No benefits from Colorado’s proposed SNAP restrictions

Colorado has joined 22 other states in proposing restrictions on what SNAP (Supplemental Nutrition Assistance Program ) recipients are permitted to buy – a politically convenient response to food insecurity that targets the choices of people struggling to eat rather than the systems that make eating well out of reach. 

The waiver would prohibit the use of benefits to purchase any ready-to-drink beverages containing natural or artificial sweeteners – including soda, sports drinks, sweetened teas, and diet drinks – at any Colorado retailer. Recipients can, however, purchase things like sports drinks packets or an iced coffee that includes milk. 

The name “Healthy Choice Waiver” implies a policy grounded in health. The reality is that energy and resources spent on rules that police grocery carts – while leaving untouched every structural condition driving the 16-year life expectancy gaps in counties across Colorado – only kick the can of addressing real barriers to health equity further down the road.

In El Paso County, more than 82,000 residents – among them thousands of children – rely on SNAP (sometimes still called food stamps) to eat. Thousands more earn just enough to be turned away from the program, but nowhere near enough to consistently afford nourishing food. This stands to reason, given a household has to be almost 200% below the federal poverty line to qualify. For those who do qualify, receiving benefits doesn’t guarantee what most food-privileged persons take for granted: the ability to choose and afford food that actually nourishes. 

For many SNAP families, every trip to the grocery store is an exercise in negotiating sustenance – not choosing nourishment. The average SNAP benefit per person per meal per day hovers around $2.06. In 2024, before the most recent grocery prices spikes, a modest meal in Colorado averaged $3.55. For the working poor, anything above that $2.06 meal budget doesn’t exist in isolation – it competes with rent, utilities and other necessities, including in many cases the compounding costs of getting anywhere without reliable transportation. 

Rather than increasing benefits to cover the cost of a modest meal, the state has chosen to police what people purchase with the inadequate resources they have. Ultimately, this just limits choices; it doesn’t give people better choices to make. 

That is not a health policy. That is poverty management dressed up as public health. It fosters triage decisions: maybe you can use your SNAP to buy a healthy $2 meal at a grocery store  – say, an egg and two slices of bread and a piece of fruit  – but do you have the transportation to get there? Do you have the space to store and cook that food? If not, maybe your only choice to purchase food is at a convenience store. That’s where many SNAP recipients shop out of necessity, where they might use their SNAP to buy a candy bar or a small bag of chips. The state’s new waiver has nothing to say about any of that. It is concerned only with what you wash it down with.
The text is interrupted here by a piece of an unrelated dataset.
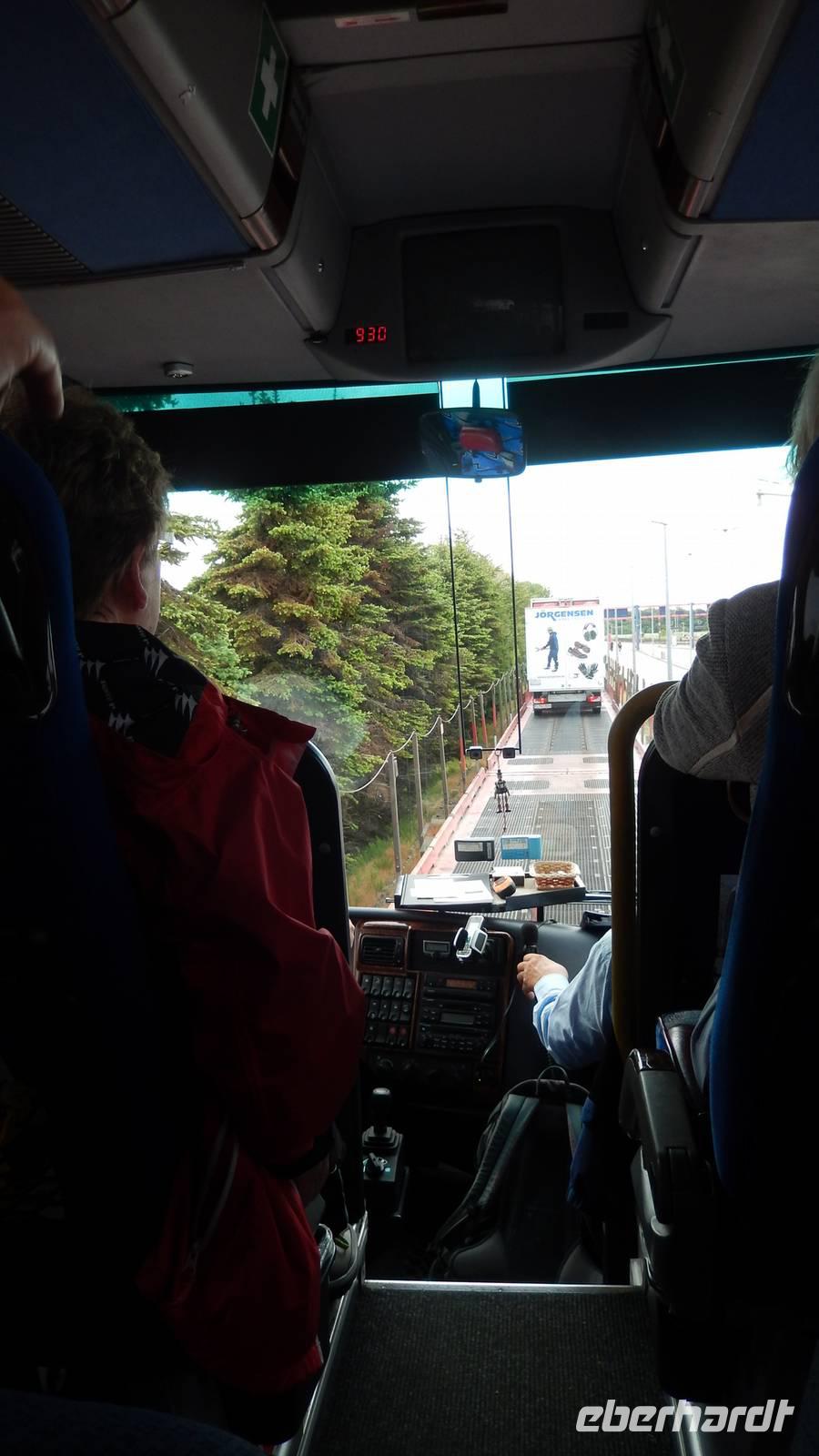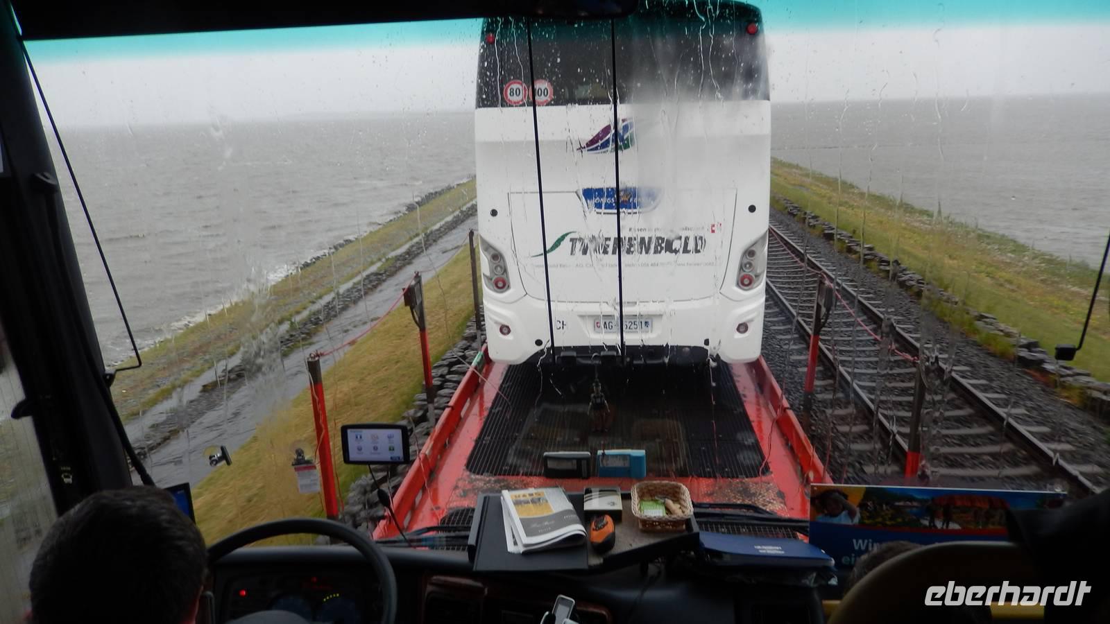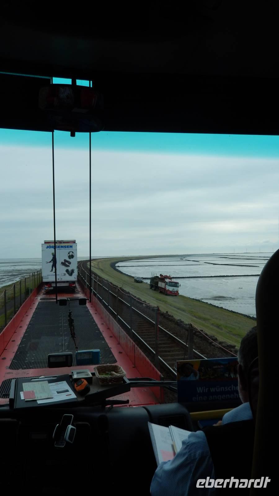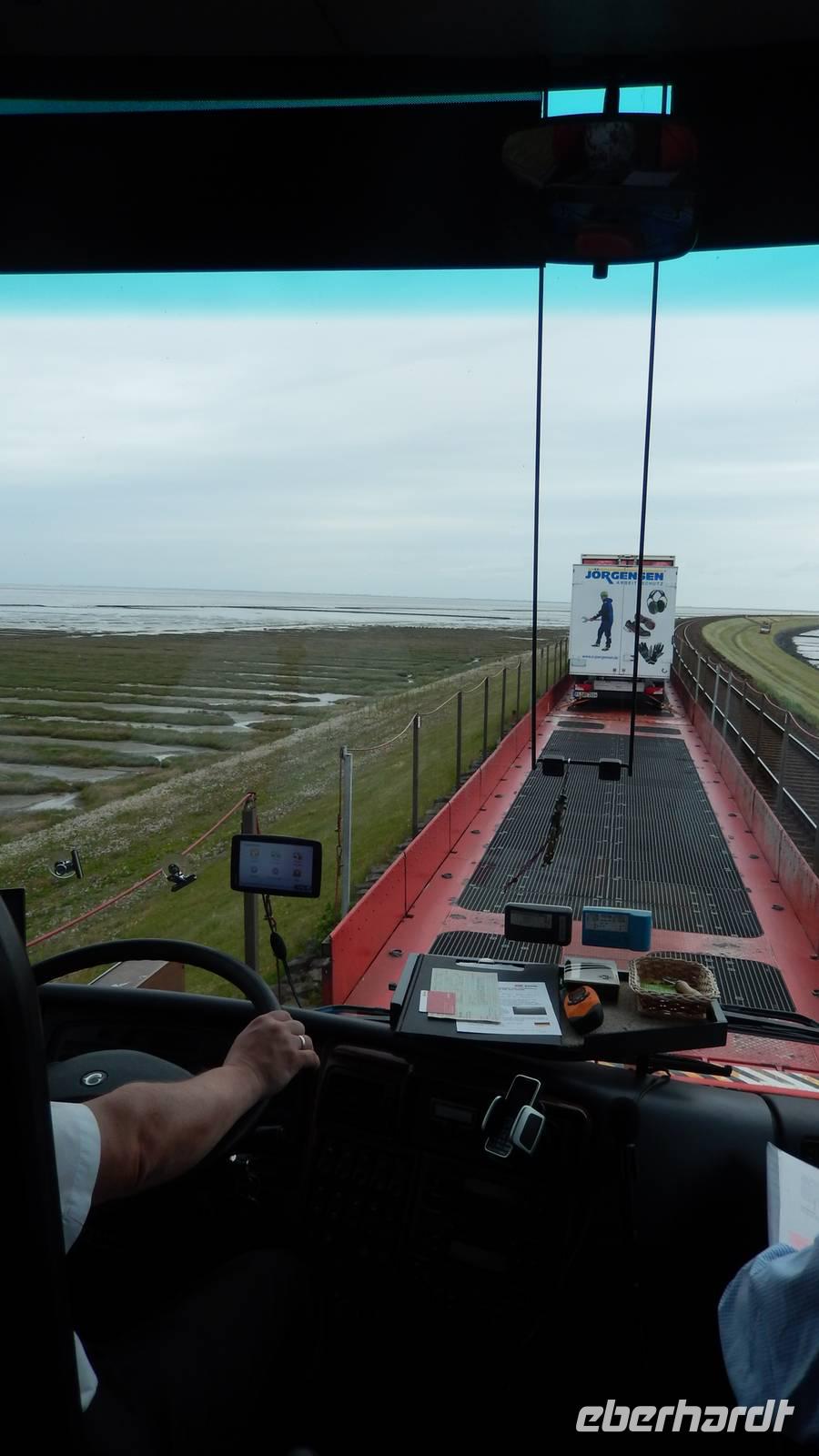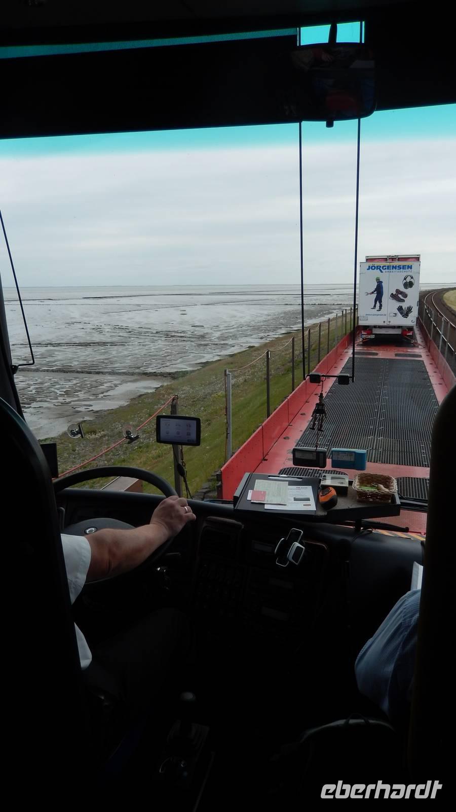 Gleich nach dem Frühstück trafen wir uns am Bus. Gemeinsam mit Bodo starteten wir Richtung Sylt. Pünktlich kamen wir in Niebüll an. Weiter ging unsere Fahrt mit dem Auto-Zug, dem Sylt Shuttle. Es war schon ein komisches Gefühl, im Bus zu sitzen und Zug zu fahren.

Investing in meaningful wages, rising housing costs, affordable neighborhood food retail, expanding produce incentive programs, and building the transportation infrastructure that connects people to healthy food – these are the structural changes that would make a Healthy Choice Waivers unnecessary. Until that day comes, the most honest intervention available is a benefit that keeps up with the rising costs of food. SNAP is a federal entitlement that Congress creates, funds, and can choose to strengthen – or cut. In July 2025, through H.R. 1, Congress chose to cut it by more than $186 billion over ten years. That is the decision we are living inside of when we talk about what $2.06 buys at a grocery store. Making changes to these benefits is an act of Congress – one I hope we all remember at the ballot box come November.

This is not an argument for soda. This is a call for investments that give people the resources to support healthier lives. According to a 2024 study in the American Journal of Public Health,SNAP participants purchase and consume healthier foods immediately after receiving monthly benefits than later in the same cycle, indicating that increased frequency and value of benefits could improve diet quality more ethically and efficiently than item restrictions.

When people have real resources, they purchase real food. The data bears that out. What people do not need is the state standing at the register wagging a finger and further limiting choice. 

Patience Kabwasa is the executive director of Food to Power, a nonprofit cultivating a healthy, equitable food system in the greater Colorado Springs community. She received no compensation for this opinion piece.